* [Work order] A faithful copy of all the data is required; pictures should not be included.

* [Dataset section]
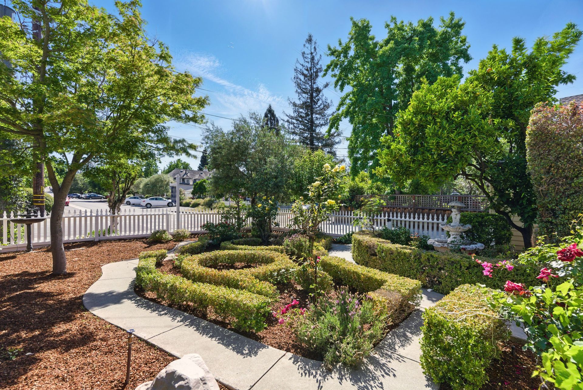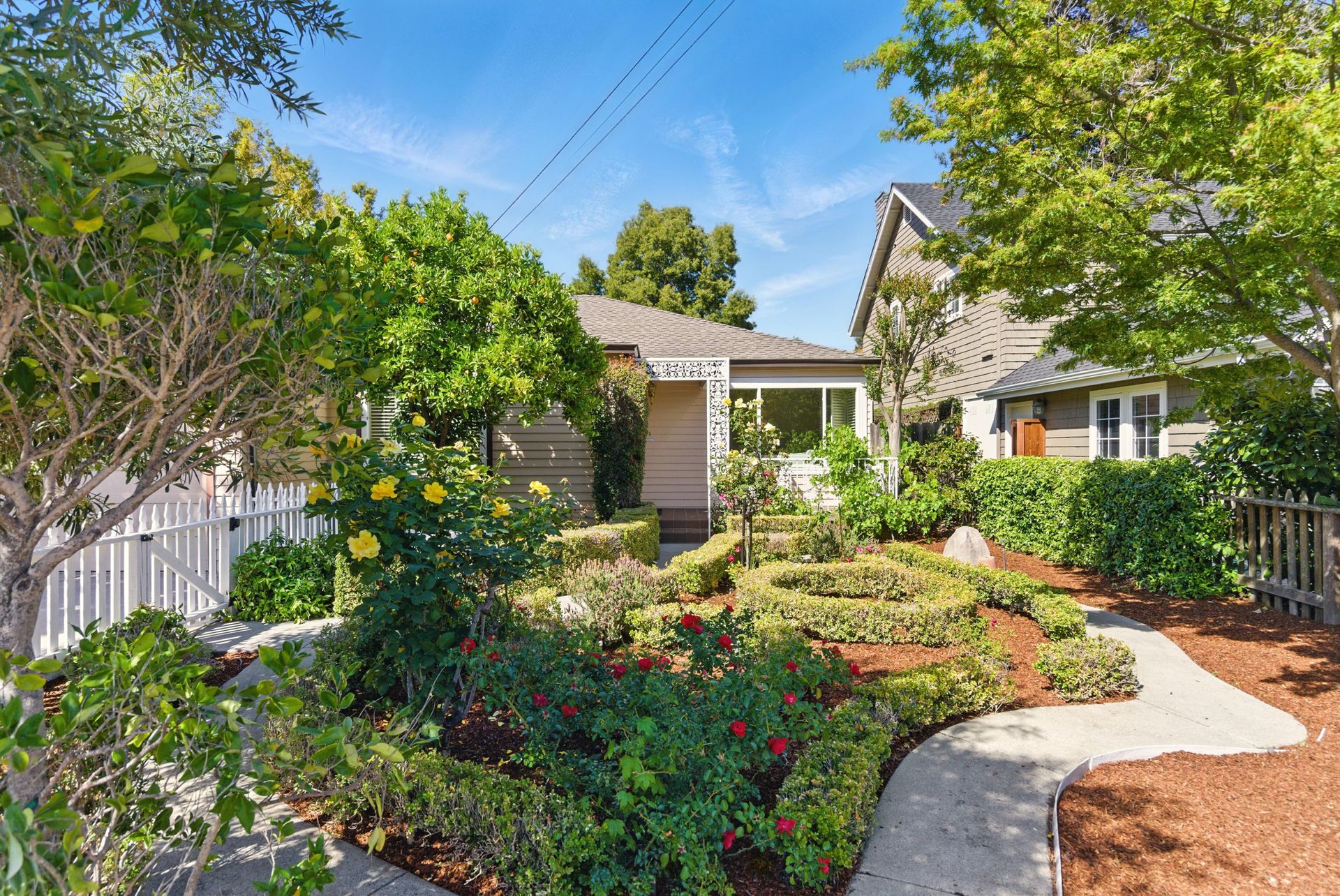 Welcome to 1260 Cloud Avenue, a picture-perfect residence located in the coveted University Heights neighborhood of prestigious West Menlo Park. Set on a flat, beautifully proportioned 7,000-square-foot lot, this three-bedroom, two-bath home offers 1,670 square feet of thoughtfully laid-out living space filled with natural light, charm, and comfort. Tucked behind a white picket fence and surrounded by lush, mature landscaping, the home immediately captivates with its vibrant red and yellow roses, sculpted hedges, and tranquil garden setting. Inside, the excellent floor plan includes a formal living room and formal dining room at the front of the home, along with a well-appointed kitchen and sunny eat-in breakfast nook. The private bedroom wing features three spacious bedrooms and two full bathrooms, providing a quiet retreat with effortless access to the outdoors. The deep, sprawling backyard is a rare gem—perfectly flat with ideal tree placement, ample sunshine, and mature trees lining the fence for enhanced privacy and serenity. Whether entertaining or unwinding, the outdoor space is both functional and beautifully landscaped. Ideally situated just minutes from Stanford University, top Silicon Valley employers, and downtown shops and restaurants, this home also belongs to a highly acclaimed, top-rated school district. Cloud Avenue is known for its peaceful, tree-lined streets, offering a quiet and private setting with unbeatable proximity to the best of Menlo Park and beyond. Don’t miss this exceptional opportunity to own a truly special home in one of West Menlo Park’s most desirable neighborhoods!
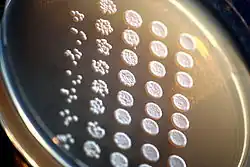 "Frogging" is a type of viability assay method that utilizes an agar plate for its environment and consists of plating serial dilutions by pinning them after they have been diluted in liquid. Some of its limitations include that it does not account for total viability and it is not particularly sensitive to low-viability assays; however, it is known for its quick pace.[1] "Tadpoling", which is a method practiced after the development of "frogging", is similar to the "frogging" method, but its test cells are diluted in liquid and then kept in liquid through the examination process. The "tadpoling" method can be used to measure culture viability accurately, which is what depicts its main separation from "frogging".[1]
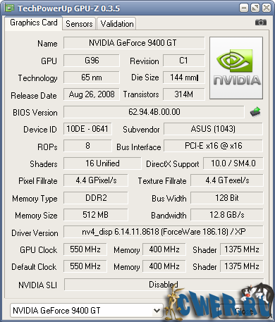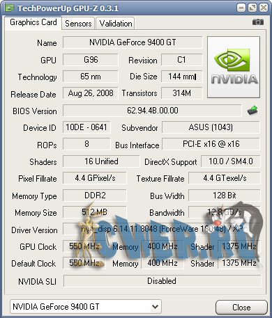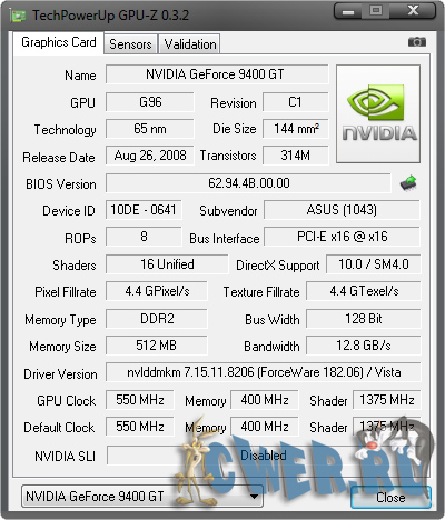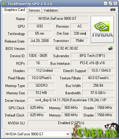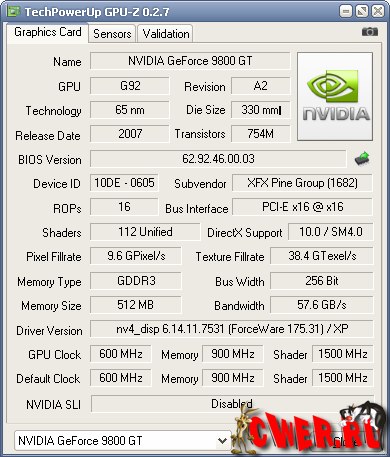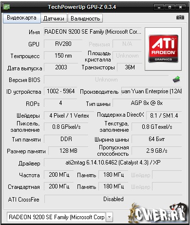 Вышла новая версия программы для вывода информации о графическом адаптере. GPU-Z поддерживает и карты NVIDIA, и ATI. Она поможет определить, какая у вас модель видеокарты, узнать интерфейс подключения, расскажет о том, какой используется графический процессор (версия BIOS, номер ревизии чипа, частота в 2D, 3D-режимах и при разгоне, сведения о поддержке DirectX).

* [Response to the task]
 Welcome to 1260 Cloud Avenue, a picture-perfect residence located in the coveted University Heights neighborhood of prestigious West Menlo Park. Set on a flat, beautifully proportioned 7,000-square-foot lot, this three-bedroom, two-bath home offers 1,670 square feet of thoughtfully laid-out living space filled with natural light, charm, and comfort. Tucked behind a white picket fence and surrounded by lush, mature landscaping, the home immediately captivates with its vibrant red and yellow roses, sculpted hedges, and tranquil garden setting. Inside, the excellent floor plan includes a formal living room and formal dining room at the front of the home, along with a well-appointed kitchen and sunny eat-in breakfast nook. The private bedroom wing features three spacious bedrooms and two full bathrooms, providing a quiet retreat with effortless access to the outdoors. The deep, sprawling backyard is a rare gem—perfectly flat with ideal tree placement, ample sunshine, and mature trees lining the fence for enhanced privacy and serenity. Whether entertaining or unwinding, the outdoor space is both functional and beautifully landscaped. Ideally situated just minutes from Stanford University, top Silicon Valley employers, and downtown shops and restaurants, this home also belongs to a highly acclaimed, top-rated school district. Cloud Avenue is known for its peaceful, tree-lined streets, offering a quiet and private setting with unbeatable proximity to the best of Menlo Park and beyond. Don’t miss this exceptional opportunity to own a truly special home in one of West Menlo Park’s most desirable neighborhoods!
 "Frogging" is a type of viability assay method that utilizes an agar plate for its environment and consists of plating serial dilutions by pinning them after they have been diluted in liquid. Some of its limitations include that it does not account for total viability and it is not particularly sensitive to low-viability assays; however, it is known for its quick pace.[1] "Tadpoling", which is a method practiced after the development of "frogging", is similar to the "frogging" method, but its test cells are diluted in liquid and then kept in liquid through the examination process. The "tadpoling" method can be used to measure culture viability accurately, which is what depicts its main separation from "frogging".[1]
 Вышла новая версия программы для вывода информации о графическом адаптере. GPU-Z поддерживает и карты NVIDIA, и ATI. Она поможет определить, какая у вас модель видеокарты, узнать интерфейс подключения, расскажет о том, какой используется графический процессор (версия BIOS, номер ревизии чипа, частота в 2D, 3D-режимах и при разгоне, сведения о поддержке DirectX).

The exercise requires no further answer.